The criteria of our government insurance for statin is LDL>100 mg/dL or total cholesterol >200 mg/dL. Only 30.5% patients meet the criteria (non-remodeling vs remodeling group: 17[28.8%] vs 8 [34.8%], P = 0.6). Then use of statin depended on physicians and patients’ decision when the government insurance did not cover the cost of statin. This could explain the low percentage of patients taking statins although about 80% patients have LDL>70 mg/dL in both groups (53[89.8%] vs 20 [87%]).

Conclusions

LV remodeling occurred in 28.9% of AMI patients with preserved EF even after PCI. The 2D speckle tracking echocardiography was a promising, feasible, and noninvasive modality to evaluate myocardial deformation in this cohort. In the present study, InjLS was an independent predictor for LV remodeling in patients with preserved EF.

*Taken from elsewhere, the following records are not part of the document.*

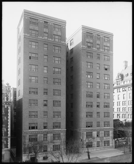 [Apartment building at the intersection of Riverside Drive and West 110th Street.]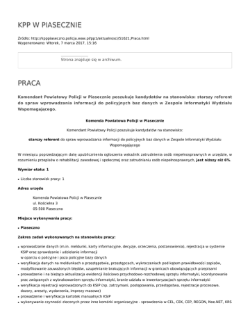 KPP W PIASECZNIE Źródło: http://kpppiaseczno.policja.waw.pl/pp1/aktualnosci/51621,Praca.html Wygenerowano: Wtorek, 7 marca 2017, 15:16 Strona znajduje się w archiwum. PRACA Komendant Powiatowy Policji w Piasecznie poszukuje kandydatów na stanowisko: starszy referent do spraw wprowadzania informacji do policyjnych baz danych w Zespole Informatyki Wydziału Wspomagającego. Komenda Powiatowa Policji w Piasecznie Komendant Powiatowy Policji poszukuje kandydatów na stanowisko: starszy referent do spraw wprowadzania informacji do policyjnych baz danych w Zespole Informatyki Wydziału Wspomagającego W miesiącu poprzedzającym datę upublicznienia ogłoszenia wskaźnik zatrudnienia osób niepełnosprawnych w urzędzie, w rozumieniu przepisów o rehabilitacji zawodowej i społecznej oraz zatrudnianiu osób niepełnosprawnych, jest niższy niż 6%. Wymiar etatu: 1 ● Liczba stanowisk pracy: 1 Adres urzędu Komenda Powiatowa Policji w Piasecznie ul. Kościelna 3 05-500 Piaseczno Miejsce wykonywania pracy: ● Piaseczno Zakres zadań wykonywanych na stanowisku pracy: ● wprowadzanie danych (m.in. meldunki, karty informacyjne, decyzje, orzeczenia, postanowienia), rejestracja w systemie KSIP oraz sprawdzanie i udzielanie informacji w oparciu o policyjne i poza policyjne bazy danych ● weryfikacja danych na meldunkach o przestępstwie, przestępcach, wykroczeniach pod kątem prawidłowości zapisów, modyfikowanie zauważonych błędów, uzupełnianie brakujących informacji w granicach obowiązujących przepisami ● prowadzenie i na bieżąco aktualizacja ewidencji ilościowo przychodowo-rozchodowej sprzętu informatyki, koordynowanie prac związanych z wybrakowaniem sprzętu informatyki, branie udziału w inwentaryzacjach sprzętu informatyki ● weryfikacja rejestracji wprowadzonych do KSIP (np. zatrzymani, postępowania, przestępstwa, rejestracje procesowe, dozory, areszty, wydarzenia, imprezy masowe) ● prowadzenie i weryfikacja kartotek manualnych KSIP ● wykonywanie czynności zleconych przez inne komórki organizacyjne - sprawdzenia w CEL, CEK, CEP, REGON, Noe.NET, KRS ● typowanie zdarzeń podobnych i przestępców oraz typowanie pojazdów po niepełnych danych dla celów rozpoznania policyjnego ● archiwizacja danych informatycznych w celu przekazania do składnicy akt. Warunki pracy Warunki dotyczące charakteru pracy na stanowisku i sposobu wykonywania zadań Praca z komputerem w środowisku biurowym. Miejsce i otoczenie organizacyjno-techniczne stanowiska pracy - praca przy monitorze ekranowym powyżej 4 godzin, - naturalne i sztuczne oświetlenie, - miejsce pracy, przy którym realizowane są zadania usytuowane jest na pierwszym piętrze, - budynek częściowo spełnia wymogi architektoniczne dla osób niepełnosprawnych tj. na zewnątrz i wewnątrz budynku znajduje się winda, wewnątrz budynku można swobodnie poruszać się, jest odpowiednia szerokość drzwi i ciągów komunikacyjnych, brak progów, - na pierwszym piętrze, gdzie usytuowane jest miejsce pracy brak pomieszczenia sanitarnohigienicznego przystosowanego dla osób niepełnosprawnych, - brak oznaczeń i specjalistycznych urządzeń umożliwiających pracę osobom niewidomym, niedosłyszącym oraz głuchoniemym, - w budynku nie występują szkodliwe, czy niebezpieczne warunki pracy. Inne Wymagania związane ze stanowiskiem pracy niezbędne ● wykształcenie: średnie ● doświadczenie zawodowe/staż pracy: 1 rok doświadczenia zawodowego w administracji lub pracy biurowej ● pozostałe wymagania niezbędne: ❍ umiejętność wykorzystania systemów informatycznych ❍ umiejętność obsługi komputera i urządzeń biurowych ❍ umiejętność interpretacji przepisów ❍ umiejętność pracy w zespole ❍ umiejętność organizacji pracy własnej ❍ komunikatywność ❍ odpowiedzialność wymagania dodatkowe ● wykształcenie wyższe ● uprawnienia dostępu do informacji niejawnych oznaczonych klauzulą "poufne" ● znajomość zasad funkcjonowania jednostki Policji ● umiejętność działania w sytuacjach stresowych ● zdolności analitycznego myślenia ● 2 lata doświadczenia zawodowego w obszarze informatyczno-łącznościowym Wymagane dokumenty i oświadczenia: ● życiorys i list motywacyjny ● oświadczenie kandydata o wyrażeniu zgody na przetwarzanie danych osobowych do celów rekrutacji ● oświadczenie kandydata o korzystaniu z pełni praw publicznych ● oświadczenie kandydata o nieskazaniu prawomocnym wyrokiem za umyślne przestępstwo lub umyślne przestępstwo skarbowe ● kopie dokumentów potwierdzających wykształcenie ● kopia dokumentu potwierdzającego posiadanie polskiego obywatelstwa lub oświadczenie o posiadaniu obywatelstwa polskiego ● kopia poświadczenia bezpieczeństwa uprawniającego do dostępu do informacji niejawnych oznaczonych klauzulą "poufne" lub oświadczenie o wyrażeniu zgody na przeprowadzenie postępowania sprawdzającego zgodnie z ustawą z dnia 5 sierpnia 2010 r. o ochronie informacji niejawnych (Dz. U. Nr 182, poz. 1228), Inne dokumenty i oświadczenia ● kopia dokumentu potwierdzającego niepełnosprawność - w przypadku kandydatów, którzy zamierzają skorzystać z pierwszeństwa w zatrudnieniu w przypadku, gdy znajdą się w gronie najlepszych kandydatów ● dokumenty potwierdzające posiadanie 1 roku doświadczenia zawodowego w administracji lub pracy biurowej (kopie świadectw pracy, zakresy czynności, zaświadczenie o zatrudnieniu itp.) ● dokumenty potwierdzające posiadanie 2 lat doświadczenia zawodowego w obszarze informatyczno-łącznościowym (kopie świadectw pracy, zakresy czynności, zaświadczenie o zatrudnieniu itp.) Termin składania dokumentów: 15-10-2014 Miejsce składania dokumentów: Komenda Powiatowa Policji Kościelna 3 05-500 Piaseczno z dopiskiem na kopercie i w liście motywacyjnym "ZI/st. ref./1" Inne informacje: Proponowane warunki wynagrodzenia zasadniczego - mnożnik 1,069 kwoty bazowej. Do składania dok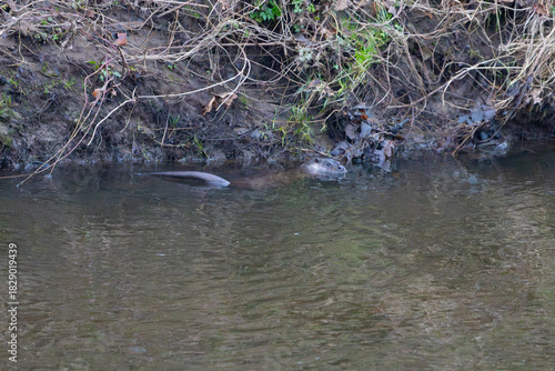 Fototapeta premium Adult Otter swimming in a river, County Durham, England.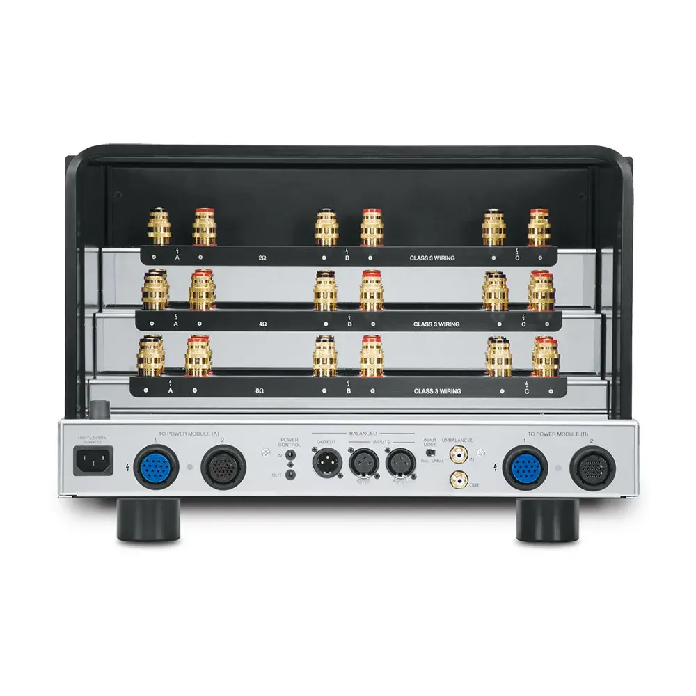 Уникальная конструкция MC2KW состоит из трех модулей, что позволяет отделить питание от выходного сигнала. Каждый 1000-ваттный модуль мощности включает в себя половину балансной схемы с собственным источником питания, что позволяет создать двойную балансную конфигурацию. Выходной модуль содержит входные и выходные разъемы, индикатор уровня и выходной автотрансформатор, и функционирует как центр управления. Сигнал с модулей мощности поступает на выходной трансформатор с зеркальной конструкцией и с двойной обмоткой, где все киловатты мощности суммируются, а шумы и искажения взаимно подавляются.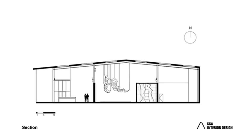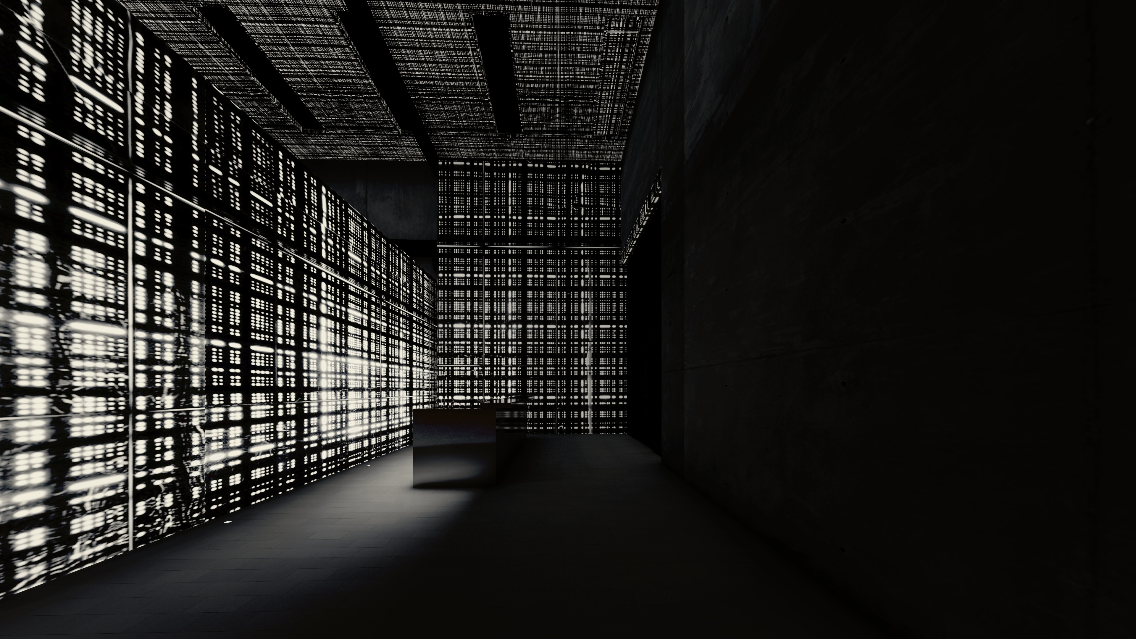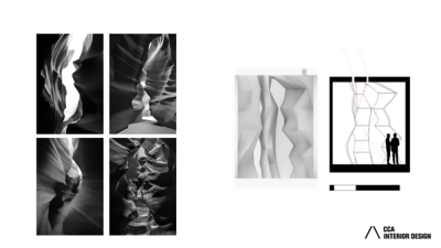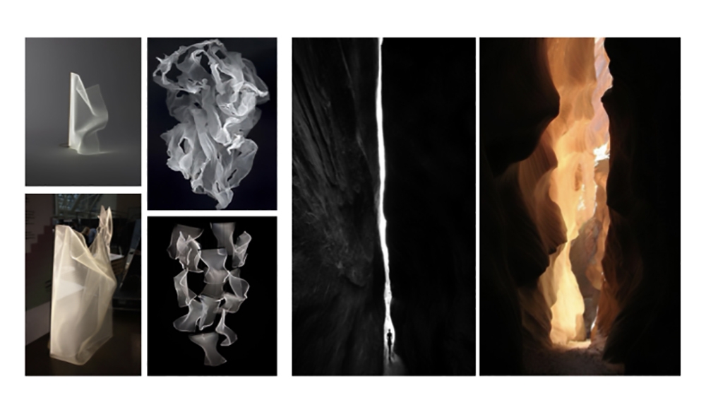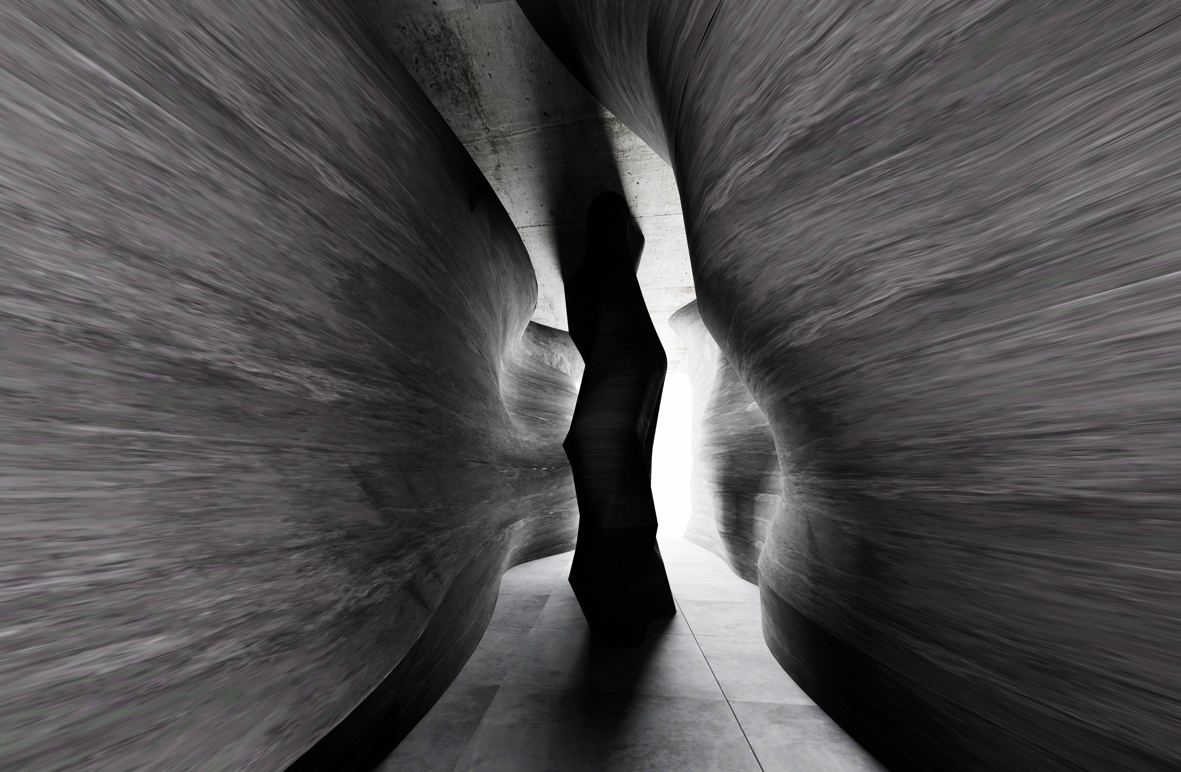 In contrast, Gallery 1 features a narrow sculptural space with dramatic lighting that evokes the grandeur of canyon landscapes. Intense, focused beams of light create sharp contrasts and deep shadows, simulating the striking interplay of light and darkness found in natural canyons.
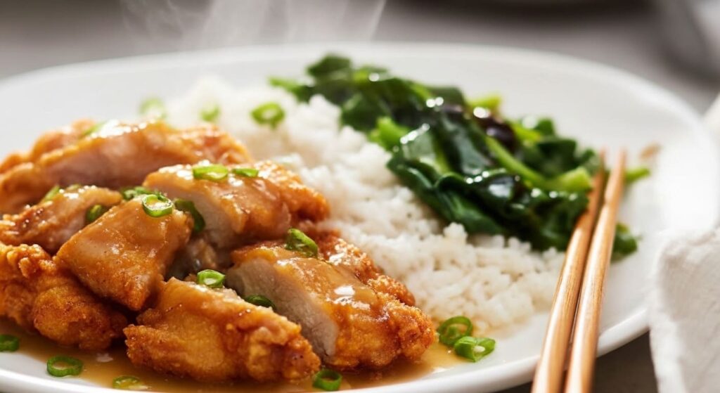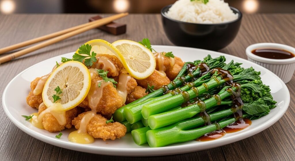 I served the chicken with Chinese broccoli and oyster sauce—the classic Yum Cha-style combo—and plain steamed rice, which is perfect for soaking up every drop of that zesty lemon sauce. Of course, you could easily upgrade to fried rice or even buttery garlic rice (how did I not think of garlic rice sooner?!).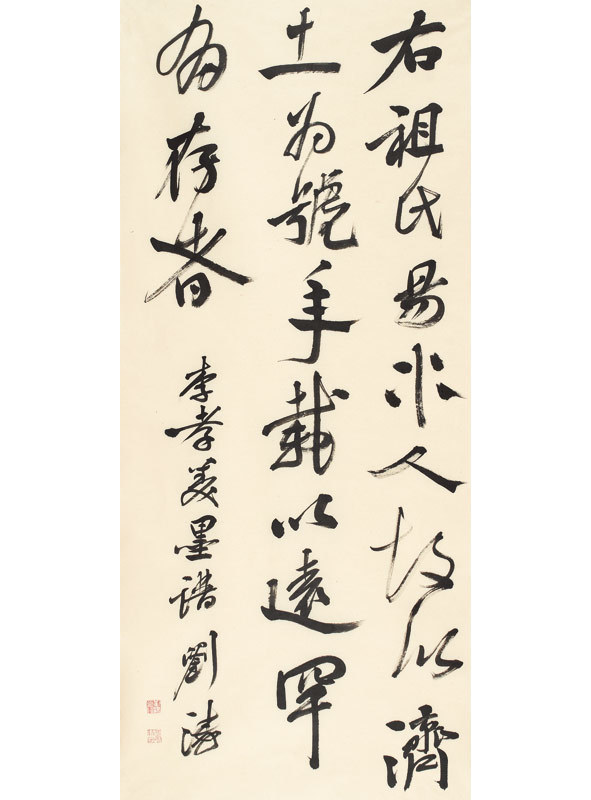 刘涛书法得益于王铎、徐渭等明代大家,注重线质,质中藏妙,妙中见妍,不类时风,且不流于刻意作态。其作品线条激荡,气势连绵不绝,用笔遒劲流畅,章法字间随势而安,行间递相映带,神完气爽,洒脱之气如奔腾野马,如疾风走草,作品中自然率真的天性跃然纸上。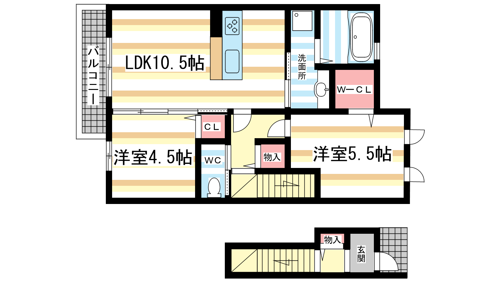 - 洋室5.5帖、洋室4.5帖、LDK10.5帖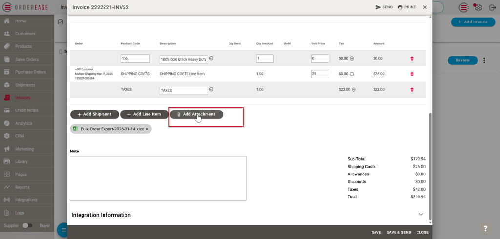 In addition to invoice independence, OrderEase now supports direct file attachments at the invoice level.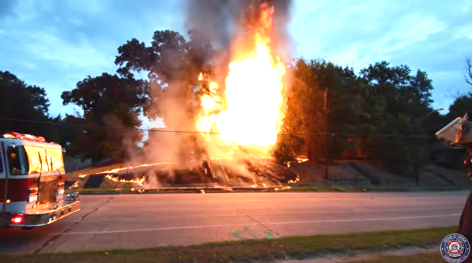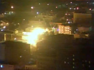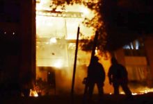 Flames tore through the roof, sending billowing clouds of heavy black smoke rolling over the rooftops as firefighters doused the buildings with water sprayed from extended ladders hovering over the street, according to witnesses.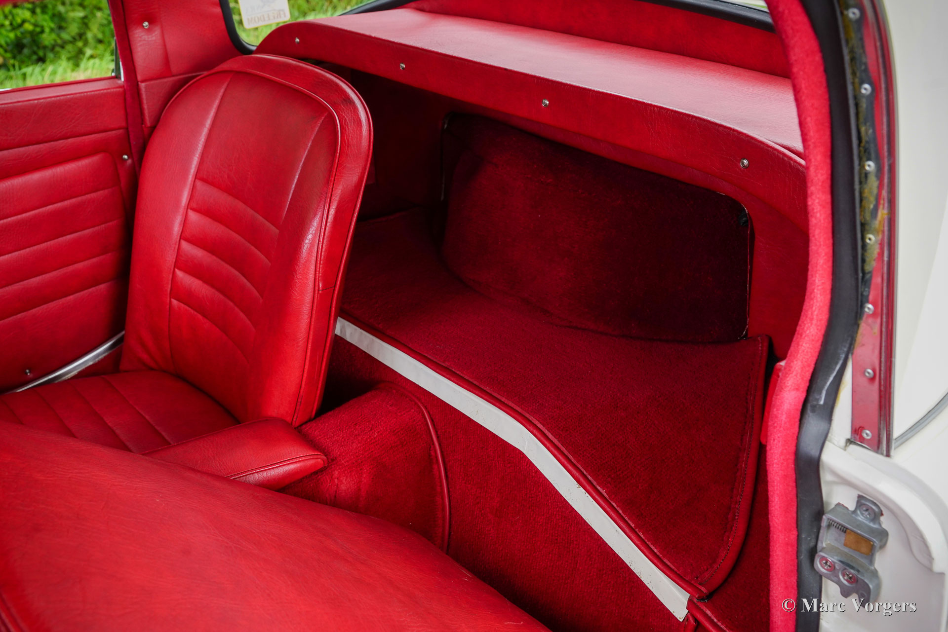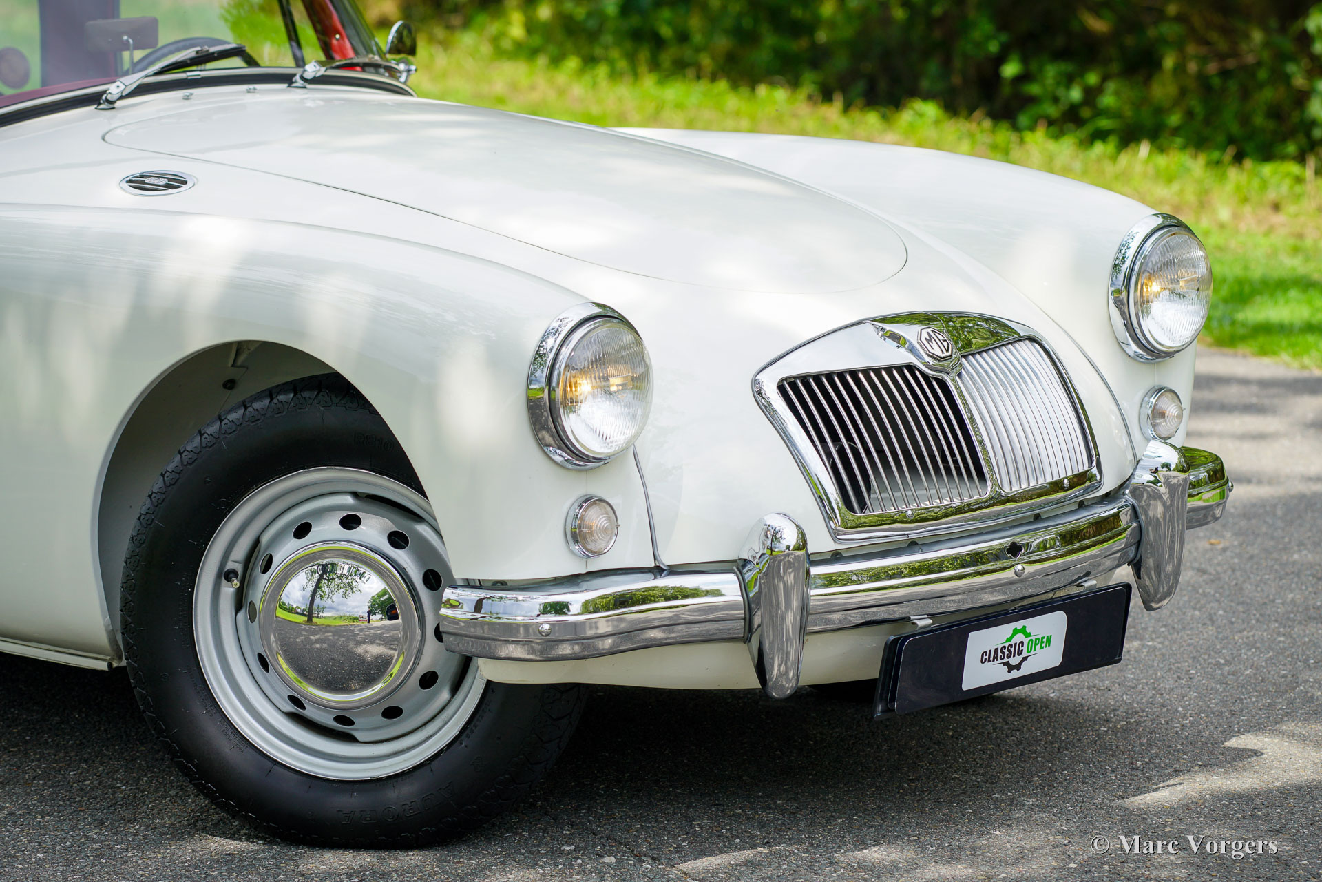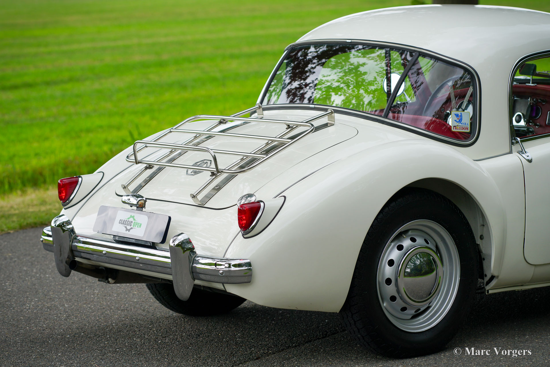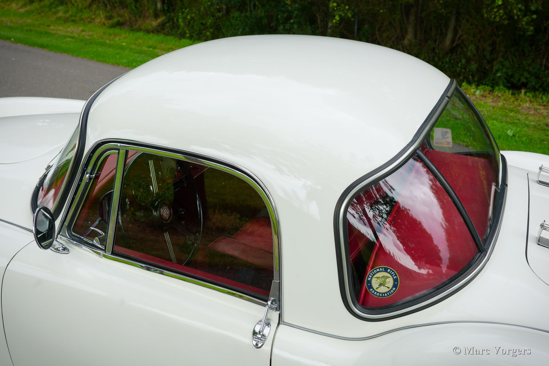 MG MGA 1500 Coupé, jaar 1957. Kleur wit gecombineerd met een rood kunstleren interieur afgewerkt met rode vloerbedekking en rode hemelbekleding. Deze magnifieke MGA 1500 coupé werd uitvoerig en prachtig gerestaureerd en de auto verkeert in een excellente staat! Het gelikte ontwerp van de MGA was iets heel anders dan het archaïsche uiterlijk van de eerdere MG TD- en MG TF-modellen. Het ontwerp van de MG MGA is sterk geïnspireerd op de gestroomlijnde MG TD Le Mans-auto die Sid Evener in 1951 ontwierp. Oorspronkelijk was de MGA ontworpen als roadster, voor de coupé werd een prachtig stalen dak toegevoegd met een driedelige achterruit en speciale handgrepen op de portieren die niet aanwezig waren op de roadster. Deze prachtige MGA 1500 Coupé toont alle originele details waaronder de stalen wielen met chromen wieldoppen, en het originele stuur! Het rode interieur is een geweldige cockpit met veel meters met chromen randen. De 1500 cc viercilinder motor levert een gezonde 72 pk wat de MGA een pittig en sportief karakter geeft. Er werden ongeveer 6500 MGA coupés gebouwd, een zeldzaam MGA-model! Deze zeer fraaie machine staat klaar om zijn toekomstige eigenaar veel plezier te brengen. Dit is een uitstekend exemplaar!

The database of the present study.

(XLSX)

Click here for additional data file.

Table 6

Echocardiographic findings in STEMI patients.

	Nonremodeling (N = 35)	Remodeling (N = 19)	p Value
Baseline echocardiography after admission (days)	2.9 ± 1.4	3.3 ± 2.1	0.4
Baseline echocardiography after PCI (days)	2.8 ± 1.4	3.3 ± 2.0	0.37
Heart rate (baseline) (bpm)	72 ± 16	77 ± 17	0.36
Heart rate (6th month) (bpm)	72 ± 12	69 ± 11	0.43
Ejection fraction (baseline) (%)	56.6 ± 7.9	57.6 ± 11.3	0.7
Ejection fraction (6th month) (%)	62.8 ± 9.1	54.5 ± 7.9	<0.01*
Left ventricular end-diastolic volume (baseline) (mL)	116 ± 29	88 ± 25	< 0.01*
Left ventricular end-diastolic volume (6th month) (mL)	111 ± 25	121 ± 37	0.31
Left ventricular end-systolic volume (baseline) (mL)	51 ± 16	37 ± 14	< 0.01*
Left ventricular end-systolic volume (6th months) (mL)	42 ± 15	56 ± 24	<0.01*
Stroke volume index (mL/m2)	39.6 ± 11.7	35 ± 10.7	0.18
Left atrial volume index (mL/m2)	33.3 ± 8.3	34.9 ± 11.6	0.59
Mitral inflow
• E (cm/s)	82.6 ± 18.0	86.0 ± 19.1	0.52
• A (cm/s)	79.1 ± 24.1	85 ± 31.3	0.45
• E/A	1.15 ± 0.47	1.14 ± 0.5	0.97
Deceleration time (ms)	204.6 ± 71.7	194.2 ± 66.2	0.62
Tissue Doppler image
• E/e′	14.27 ± 5.14	16.56 ± 6.05	0.16
WMSI	1.31 ± 0.19	1.42 ± 0.26	0.1

* = p Vale <0.05; for acronym key, see Table 2.